As we await a ruling from the Supreme Court in ABC v. Aereo, a silly season of speculation has certainly descended upon us. I’m on a road trip, currently in Jackson Hole, Wyoming, and about to head up to Yellowstone, but I couldn’t help but take a few minutes to address some of the silliness we’ve seen.
FierceCable has published multiple articles suggesting that Aereo is likely to lose. The basis for these suggestions is thin to non-existent. For example, they cite an attorney who “felt that the broadcasters have a slight edge over Aereo based on reports he heard on the strength of the arguments made by broadcasters in April.” Wow. This is newsworthy analysis to report?
Then also, they cite analyst Marci Ryvicker as having gone into oral arguments viewing the case as a toss-up, but having come out of such believing Aereo has only a 30% chance of prevailing, because “stringent grilling from the Justices, including Chief Justice John Roberts, have cast doubt, at least on Wall Street, about Aereo gaining a favorable ruling.”
In another piece, FierceCable reported that Aereo CEO Chet Kaonjia expressed the belief that “that the media and investment community have been lacking key context when analyzing the transcripts from April’s Supreme Court hearings” in an interview with Fortune magazine. I don’t see him actually saying that in the published article, but there’s no question that this is the case. Correctly understanding the justices questions and comments during oral argument requires a lot of context regarding the legal arguments, and specific arguments made in the many briefs submitted in the cases. As we explained in our detailed analysis of oral argument, there were many cases where the press quite clearly did not understand the significance of an exchange, because they weren’t familiar with the references being made to various issues that had been briefed.
Those who have read our previous coverage of Aereo know well that I believe Aereo should prevail easily on the merits. And while oral argument left significant concern over whether the justices actually understand the relevant technologies, in order to produce an accurately informed opinion, as we explained in our oral argument analysis, there appeared to be at least 5 justices (Alito, Breyer, Kagan, Kennedy, and Sotomayor) likely to rule for Aereo. And unlike many other observers, to me it seems quite plausible (if not most likely) that Chief Justice Roberts could rule for Aereo. Furthermore, if Scalia is true to his textualist philosophy, then he’ll reject manufacturing completely new law, given the absence of a textual basis, and rule for Aereo also.
So, to my view, an informed analysis of both the legal arguments, and what transpired during oral argument, leads to the conclusion that the chances for Aereo prevailing are, in fact, much better than the chances for the broadcasters prevailing.
But there’s a bigger issue that almost all analysts and press have missed, coming out of oral argument.

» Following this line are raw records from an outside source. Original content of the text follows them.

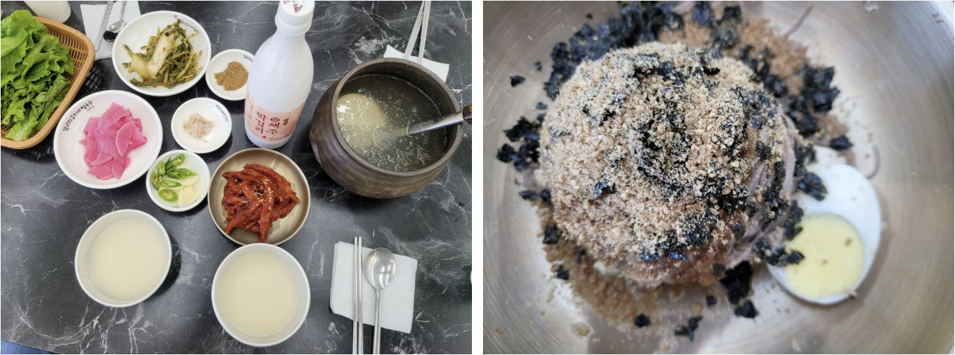 수육의 담백함과 부드러운 육질이 막국수와 어울리면서도, 시원한 막걸리 한 잔이 더해지면 그야말로 ‘제주 한여름 점심의 완성’이죠.
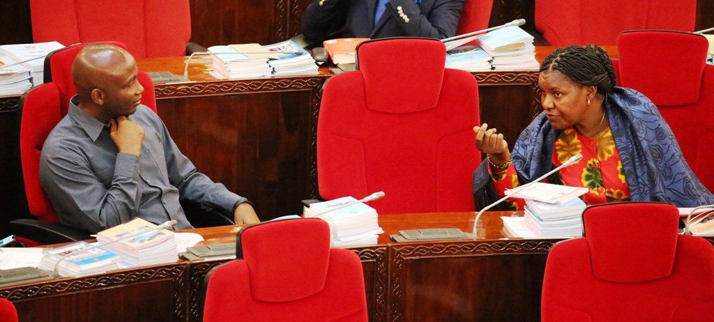 Naibu Waziri wa Ardhi Nyumba na Maendeleo ya Makazi mhe. Dkt Angelina Mabula akisisitiza jambo kwa Naibu Waziri wa Ofisi ya Makamu wa Rais Muungano na Mazingira mhe. Mussa Sima leo Bungeni Jijini Dodoma wakati wa kipindi cha maswali na majibu.
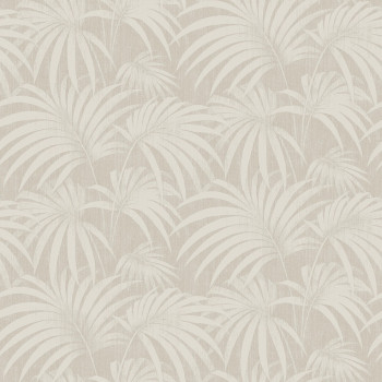 Non-woven wallpaper with a palm leaf pattern in muted beige tones.
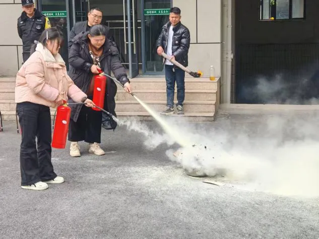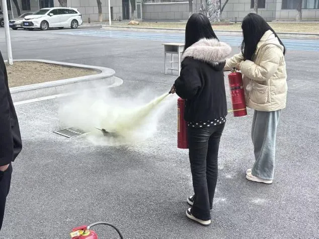 演练前,工作人员结合校园火灾特点,围绕火灾报警流程、火场疏散技巧、灭火器及消防栓使用方法、宿舍用电用火安全等内容进行细致讲解,重点强调了火灾初期处置要点和逃生注意事项。随着模拟火情警报响起,参训人员迅速按照预定路线,弯腰低姿、用衣物捂住口鼻,有序撤离至安全区域,整个疏散过程紧张有序、衔接顺畅。随后,在工作人员的指导下,大家依次实操灭火器,对准“火源”根部喷射,亲身体验灭火操作,进一步巩固了消防技能。
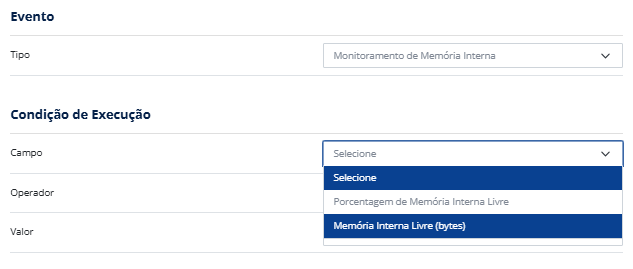 Em seguida, selecione o Evento Monitoramento de Memória Interna, em Condição de Execução podes escolher entre Porcentagem de Memória Interna Livre e Memória Interna Livre(bytes)
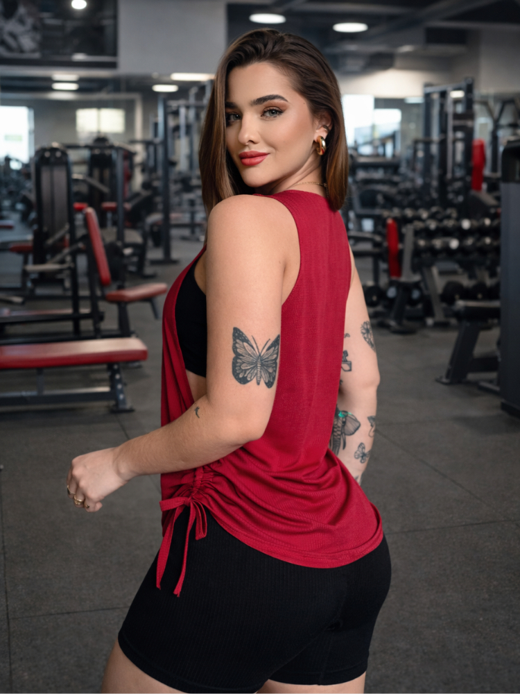 Regata Dry Fit Blusa Feminina Fitness Tapa Bumbum Top Treino Academia Vesti Calça Legging
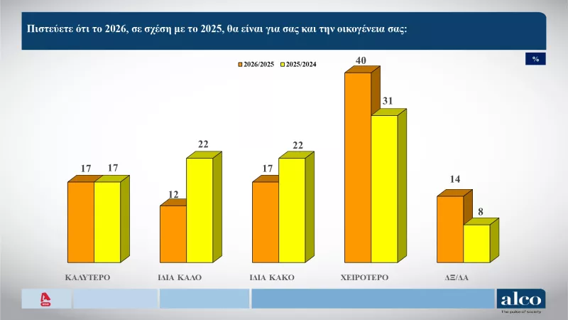 Το 57% των ερωτηθέντων πιστεύει ότι το 2026 θα είναι χειρότερο ή το ίδιο κακό (40% και 17% αντίστοιχα).
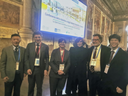 图注:2023年3月7日在意大利帕多瓦举行的“2023年科学与太空专员会议”,ICRA将王瑜的主席任命通报给意大利大学和研究部部长Anna Maria Bernini教授。(照片左起:中国驻意大利大使馆沈建磊公使参赞、Cineca主席Francesco Ubertini博士、前意大利大学和研究部部长/现国家研究委员会主席Maria Chiara Carrozza博士、意大利大学和研究部部长Anna Maria Bernini教授、ICRANet主任雷莫·鲁菲尼教授和新任ICRA主席王瑜教授。)
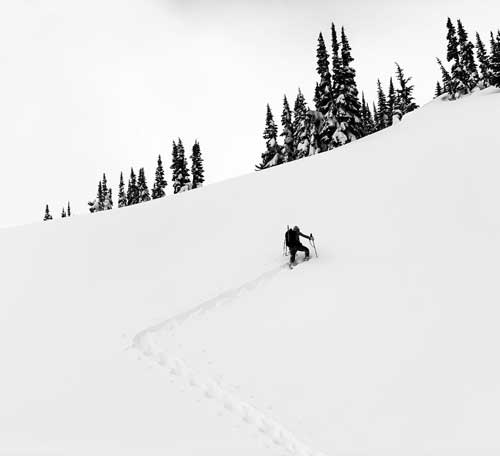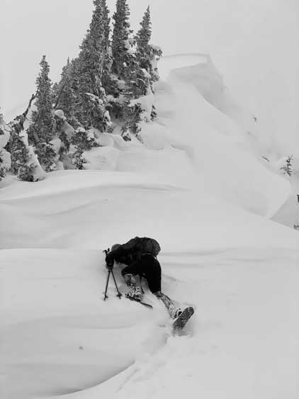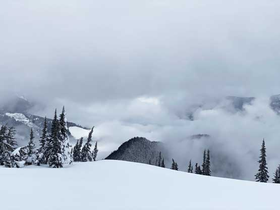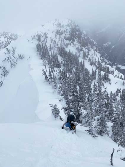 Another hour later we were in the treeline zone, breaking trail in heavy powder with no sign of Al’s tracks anymore. The weather was garbage compared to what the forecast promised. It was 100% overcast with intermittent white-outs. To reach the first of the several false summit we traversed across an undulating sections and then ascended the first steep slope, 35 degrees or more. Mel had a lot of energy and led us all the way through this treeline zone past the first false summit and down to the next saddle. The descent involved at least 30 m of annoying elevation loss. The next summit appeared dauntingly steep and exposed with cliffs on both sides. It turned out not as bad as appeared but still, more than 35 degrees and an avalanche on that final slope could have big consequences. Thankfully we only found wind slabs on the lower half of the grunt.
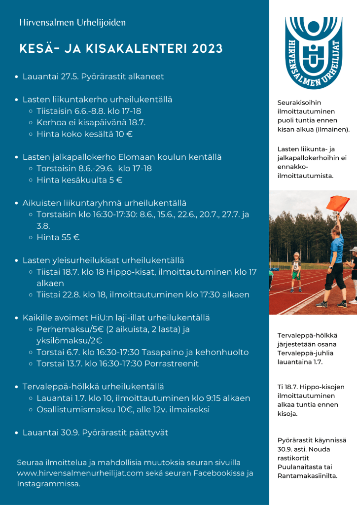 HiU:n kesä- ja kisakalenteri 2023 Kirjoittanuthirvensalmenurheilijat202019.6.2023Kategoria(t):Yleinen Jaa: Jaa X:ssä(Avautuu uudessa ikkunassa) X Jaa Facebookissa(Avautuu uudessa ikkunassa) Facebook Tykkää Lataa... Aiheeseen liittyy
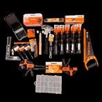 Sterkbyggð verkfærataska með stóru aðalhólfi. Sérhólf fyrir handsög og 10" spjaldtölvu. Tveir litlir hliðarvasar; einn losanlegur með plastboxi fyrir skrúfur eða annað smátt sem þarf að geyma. Þrjú hólf framan á töskunni. Taskan er á hjólum og með háu handfangi sem er hægt að setja niður.
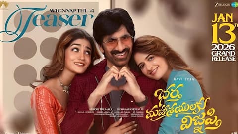 మాస్ మహారాజా రవితేజ (Ravi Teja) హీరోగా దర్శకుడు కిశోర్ తిరుమల తెరకెక్కిస్తున్న తాజా చిత్రం 'భర్త మహాశయులకు విజ్ఞప్తి'. ఈ చిత్రంలో ఆషికా రంగనాథ్, డింపుల్ హయాతి హీరోయిన్లుగా నటిస్తున్నారు. ప్రమోషన్లలో భాగంగా శుక్రవారం చిత్ర బృందం టీజర్ను విడుదల చేసింది. టీజర్లో వదిన వాళ్ల చెల్లి అంటే నా వైఫేగా అంటూ రవితేజ తనదైన శైలిలో పంచ్ డైలాగ్తో ప్రేక్షకులను ఆకట్టుకున్నారు. కామెడీ టచ్తో పాటు ఒక సున్నితమైన అంశాన్ని వినోదభరితంగా ప్రస్తావించనున్నట్లు టీజర్ స్పష్టంగా తెలియజేస్తోంది. ఈ చిత్రాన్ని 2026 జనవరి 13న ప్రేక్షకుల ముందుకు తీసుకురానున్నట్లు మేకర్స్ ప్రకటించారు.
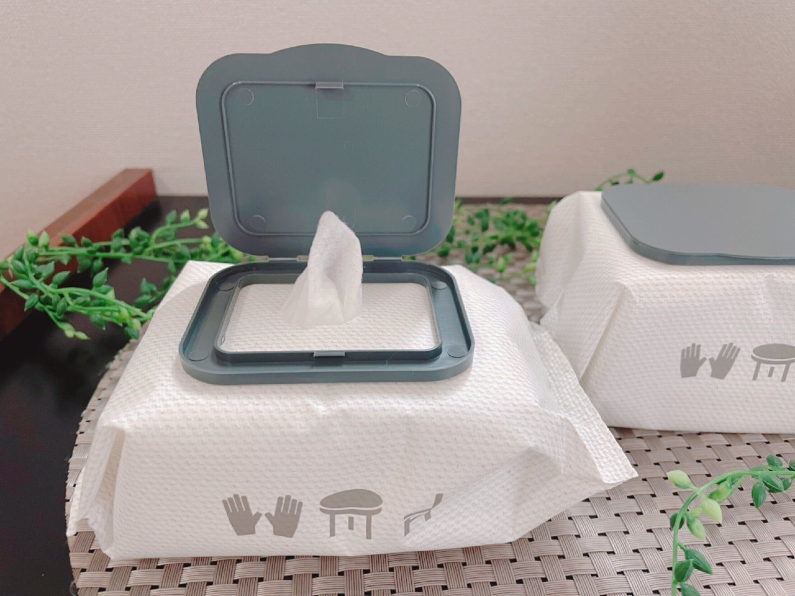 インテリアの邪魔をしない、フタがグレーでお洒落なウェットティッシュ。フタ付きで乾燥を防ぎ、最後までしっかり使うことができます。
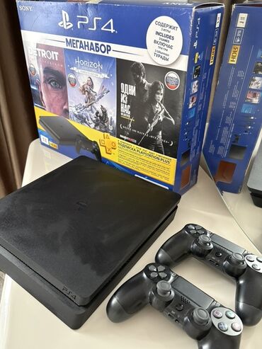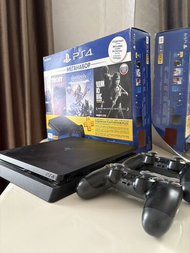 PlayStation 4 Slim 1 tb yaddaş cəmi 3 4 dəfə oyun oynanilib. Üzərində 3 orjinal pultlaoyun konsolu paketi - Konsol: Sony PlayStation 4 Slim (loqo və korpus şəkildə görünür) - Pultlar: 3 ədəd DualS...

For based on what happened in oral argument, regardless of whether Aereo prevails on the legal question at issue, it now appears very unlikely that the outcome will stop Aereo from being able to proceed as a going entity. For during oral arguments, multiple justices acknowledged that an argument Aereo competitor FilmOn X made in its amicus brief was pretty obviously correct: that if Aereo’s transmissions are public performances, then it qualifies as a cable system, under the Copyright Act. As such, it would qualify for the (very low administrative cost) compulsory license for cable retransmission of local stations. (And while we wouldn’t expect the Court to rule directly on this issue, it seems likely that they will give guidance on such, in dicta.)
This would be a devastating blow for the broadcasters’ chances to stop Aereo, in court. It means that Aereo would, at a minimum, be able to reformulate its service to offer live channel feeds. And if the Court were to rule against Aereo in the fashion most seem to expect—namely, attempting to distinguish Aereo’s “live” retransmissions from other cloud DVR and cloud storage services—then Aereo could almost certainly continue to offer full cloud DVR service, also.
In essence, it looks likely that Aereo (via FilmOn X’s argument) is likely to succeed in court where Ivi failed before it. In fact, even if Aereo prevails in its case, it could decide to “become” a cable system, for the purposes of the Copyright Act, and make payments for the compulsory license. Doing so would allow it to eliminate the need for separate antennas (and transcoders) for each user, very significantly reducing the cost and complexity to implement its service!
Meanwhile, Aereo still wouldn’t be subject to retransmission consent, and so wouldn’t have to pay retransmission fees, because under the Communications Act, they do not qualify as either a cable system, or as an MVPD (multichannel video programming distributor). And changing that would require either legislative action by Congress, or regulatory action by the FCC to modify the interpretation of MVPD—with the latter carrying some significant baggage of additional consequences, that has kept the FCC from acting to this point.
So the practical reality is that while Aereo remains likely to directly prevail in court, win or lose on the legal question actually at issue, Aereo now seems very likely to be left with a viable legal path that still doesn’t require them to negotiate for retransmission rights. And ironically, by bringing the case, the broadcasters have probably succeeded in making Aereo’s business simpler and cheaper to operate (and easier for new entrants to replicate).